"""

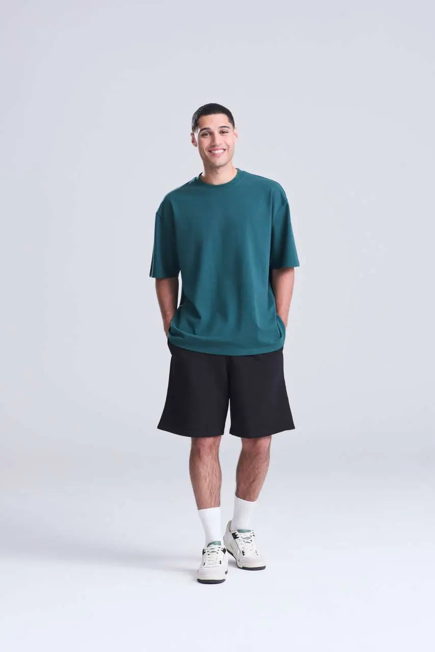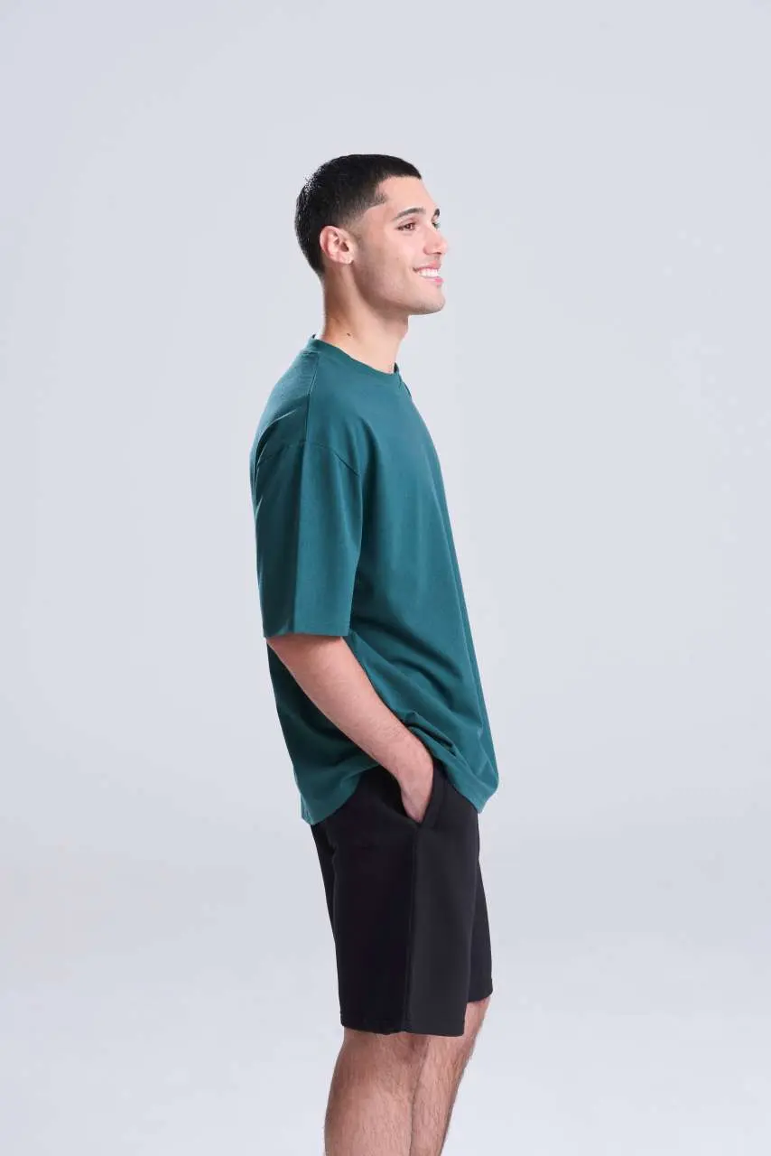 €9.0748% reciklirani pamuk, 47% reciklirani poliester, 5% elastan, prevelika, kvadratna forma, detalji dvostrukog šava, luksuzan osjećaj na dodir, samo oznaka veličine, bočni šavovi, traka na stražnjoj strani vrata, okrugli izrez, rukavi ušiveni u tijelo, ovaj proizvod se ne boji dodatno, budući da je pamuk recikliran, ponekad se u tkanini vide tragovi njegovog prethodnog života što svaki komad čini jedinstvenim.
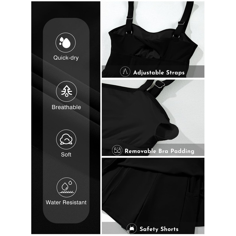 - Built in Bottom with Pockets: Modest one piece swim dress is connected to shorts bottom with pockets, making it easy to carry your cards and other items, freeing up your hands
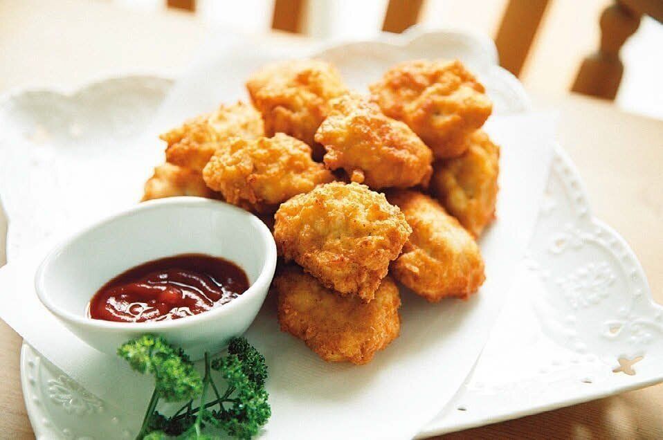 鶏ムネ1枚はフープロでミンチに。豆腐半丁を混ぜ、しょうが、マヨ、しょうゆで味をととのえ、薄力粉をまぶして揚げます。「ふわふわの食感ですぐなくなる人気メニュー!」。
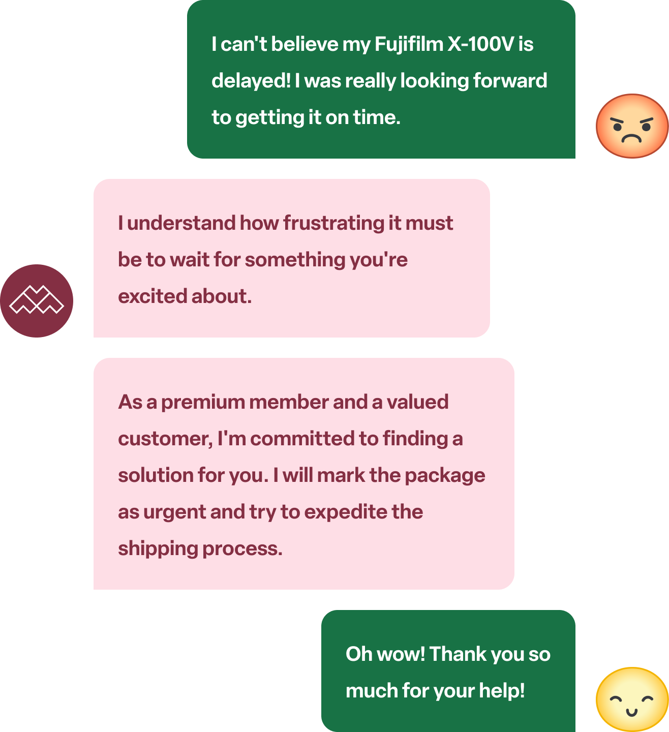 Whether it's a delay in shipment, a need to change an address, an issue with an offer or coupon, or a cancellation request, Meera Ai assesses the severity and genuineness of each problem with an understanding of the customer's past interactions and preferences.
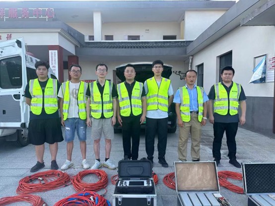 7月30日,项目组从上海出发,跨越1100公里,12小时后抵达现场并按计划方案开展检测工作。为科学、准确地查明堤坝内部涌水通道的所在位置,避免决堤情况的发生,此次应急检测工作主要采用了上海交大船建51风流
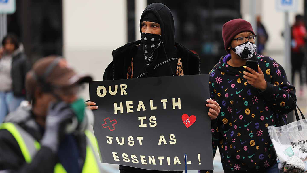 As a result, healthcare workers, other first responders and workers in other essential services continue to be forced to work in unsafe, dangerous and risky conditions. These workers and other workers – in transit, restaurants, supply chains and other production – have been speaking out. Some have organized strikes and protests to force a change in their potentially deadly working conditions.
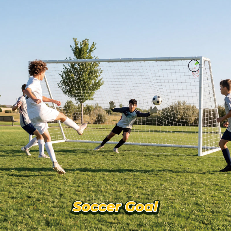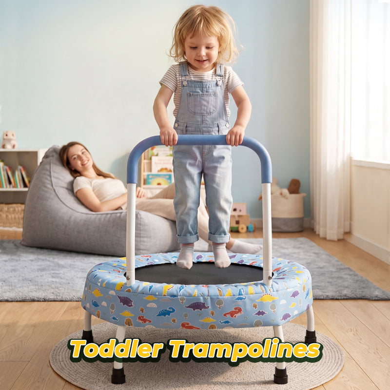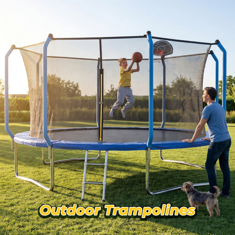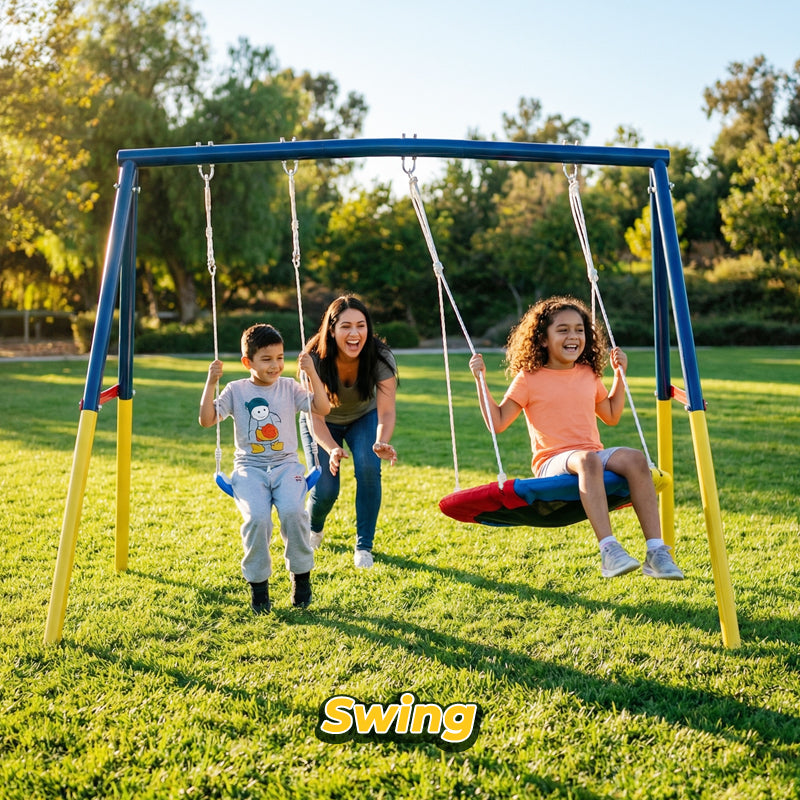 Trampolines, swings, toddler play and soccer goals for endless outdoor fun.

"""

- **What is being asked**
Repeat the lines of the records verbatim, starting at the line containing "Whether it's a" and stopping after the final line. Images stay out.

- **Exercise answer**
 Whether it's a delay in shipment, a need to change an address, an issue with an offer or coupon, or a cancellation request, Meera Ai assesses the severity and genuineness of each problem with an understanding of the customer's past interactions and preferences.
 7月30日,项目组从上海出发,跨越1100公里,12小时后抵达现场并按计划方案开展检测工作。为科学、准确地查明堤坝内部涌水通道的所在位置,避免决堤情况的发生,此次应急检测工作主要采用了上海交大船建51风流
 As a result, healthcare workers, other first responders and workers in other essential services continue to be forced to work in unsafe, dangerous and risky conditions. These workers and other workers – in transit, restaurants, supply chains and other production – have been speaking out. Some have organized strikes and protests to force a change in their potentially deadly working conditions.
 Trampolines, swings, toddler play and soccer goals for endless outdoor fun.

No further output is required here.